You don't need to download checkpoints and load models, just call the helper function `download_models`. It takes care about it. Functions `convert_pipeline_models` and `convert_automasker_models` will convert models from pipeline and `automasker` in OpenVINO format.

The original pipeline contains VAE encoder and decoder and UNET.
![CatVTON-overview](https://github.com/user-attachments/assets/e35c8dab-1c54-47b1-a73b-2a62e6cdca7c)

The `automasker` contains `DensePose` with `detectron2.GeneralizedRCNN` model and `SCHP` (`LIP` and `ATR` version).

We use `ov.convert_model` function to obtain OpenVINO Intermediate Representation object and `ov.save_model` function to save it as XML file.

In [33]:
from pathlib import Path

from ov_catvton_helper import download_models, convert_pipeline_models, convert_automasker_models


MODEL_DIR = Path("models")
VAE_ENCODER_PATH = MODEL_DIR / "vae_encoder.xml"
VAE_DECODER_PATH = MODEL_DIR / "vae_decoder.xml"
UNET_PATH = MODEL_DIR / "unet.xml"
DENSEPOSE_PROCESSOR_PATH = MODEL_DIR / "densepose_processor.xml"
SCHP_PROCESSOR_ATR = MODEL_DIR / "schp_processor_atr.xml"
SCHP_PROCESSOR_LIP = MODEL_DIR / "schp_processor_lip.xml"

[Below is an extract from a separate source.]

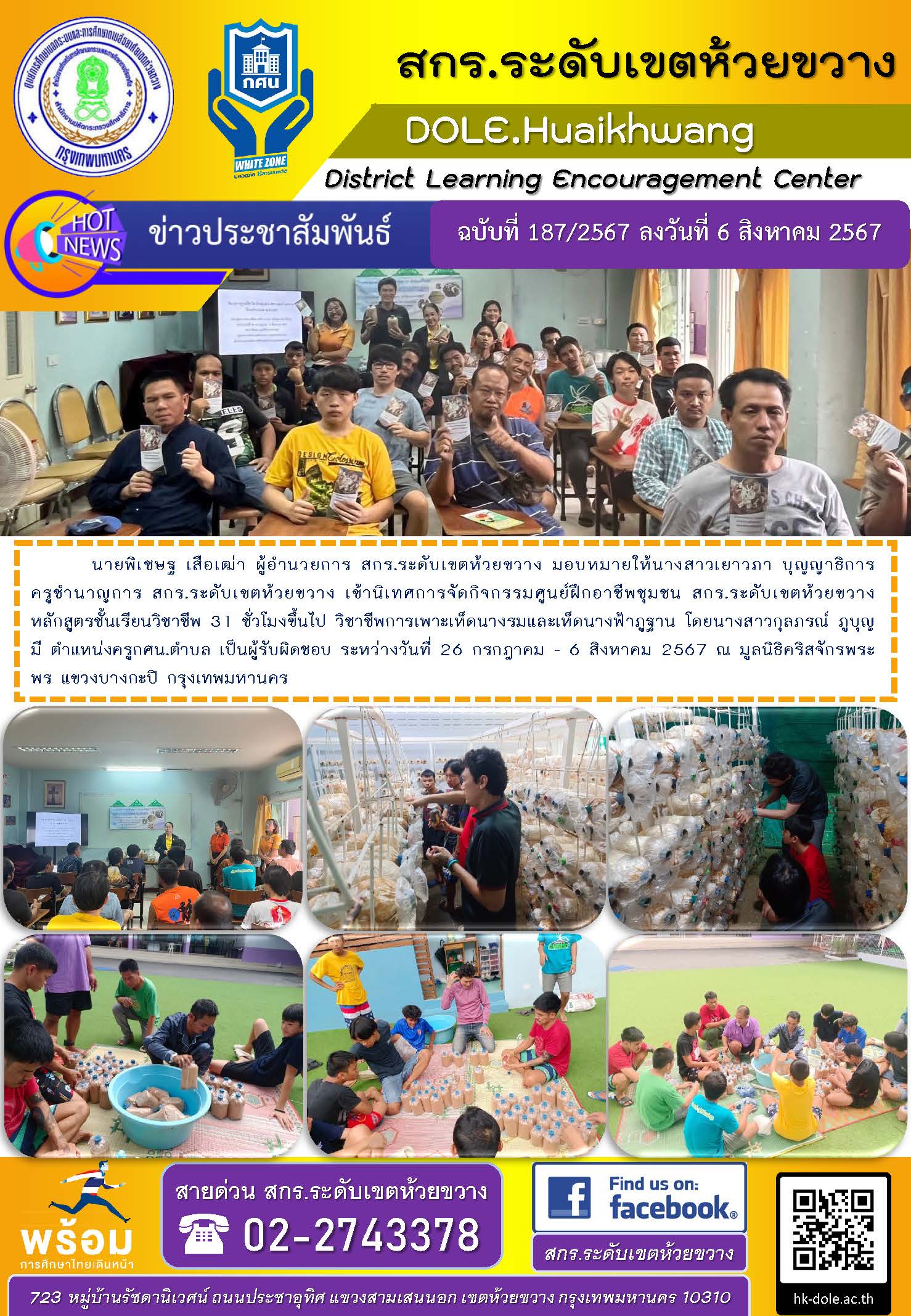 นายพิเชษฐ เสือเฒ่า ผู้อำนวยการ สกร.ระดับเขตห้วยขวาง มอบหมายให้นางสาวเยาวภา บุญญาธิการ ครูชำนาญการ สกร.ระดับเขตห้วยขวาง เข้านิเทศการจัดกิจกรรมศูนย์ฝึกอาชีพชุมชน สกร.ระดับเขตห้วยขวาง หลักสูตรชั้นเรียนวิชาชีพ 31 ชั่วโมงขึ้นไป วิชาชีพการเพาะเห็ดนางรมและเห็ดนางฟ้าภูฐาน โดยนางสาวกุลภรณ์ ภูบุญมี ตำแหน่งครูกศน.ตำบล เป็นผู้รับผิดชอบ ระหว่างวันที่ 26 กรกฎาคม - 6 สิงหาคม 2567 ณ มูลนิธิคริสจักรพระพร แขวงบางกะปิ กรุงเทพมหานคร

pipeline, mask_processor, automasker = download_models()
convert_pipeline_models(pipeline, VAE_ENCODER_PATH, VAE_DECODER_PATH, UNET_PATH)
convert_automasker_models(automasker, DENSEPOSE_PROCESSOR_PATH, SCHP_PROCESSOR_ATR, SCHP_PROCESSOR_LIP)

## Compiling models
[back to top ⬆️](#Table-of-contents:)

Select device from dropdown list for running inference using OpenVINO.

In [None]:
import openvino as ov

from notebook_utils import device_widget


core = ov.Core()

device = device_widget()

device

`get_compiled_pipeline` and `get_compiled_automasker`  functions defined in `ov_catvton_helper.py` provides convenient way for getting the pipeline and the `automasker` with compiled ov-models that are compatible with the original interface. It accepts the original pipeline and `automasker`, inference device and directories with converted models as arguments. Under the hood we create callable wrapper classes for compiled models to allow interaction with original pipelines. Note that all of wrapper classes return `torch.Tensor`s instead of `np.array`s. And then insert wrappers instances in the pipeline. 

In [41]:
from ov_catvton_helper import get_compiled_pipeline, get_compiled_automasker


pipeline = get_compiled_pipeline(pipeline, core, device, VAE_ENCODER_PATH, VAE_DECODER_PATH, UNET_PATH)
automasker = get_compiled_automasker(automasker, core, device, DENSEPOSE_PROCESSOR_PATH, SCHP_PROCESSOR_ATR, SCHP_PROCESSOR_LIP)

## Interactive inference
[back to top ⬆️](#Table-of-contents:)

Please select below whether you would like to use the quantized models to launch the interactive demo.

In [None]:
from gradio_helper import make_demo


output_dir = "output"
demo = make_demo(pipeline, mask_processor, automasker, output_dir)
try:
    demo.launch(debug=True)
except Exception:
    demo.launch(debug=True, share=True)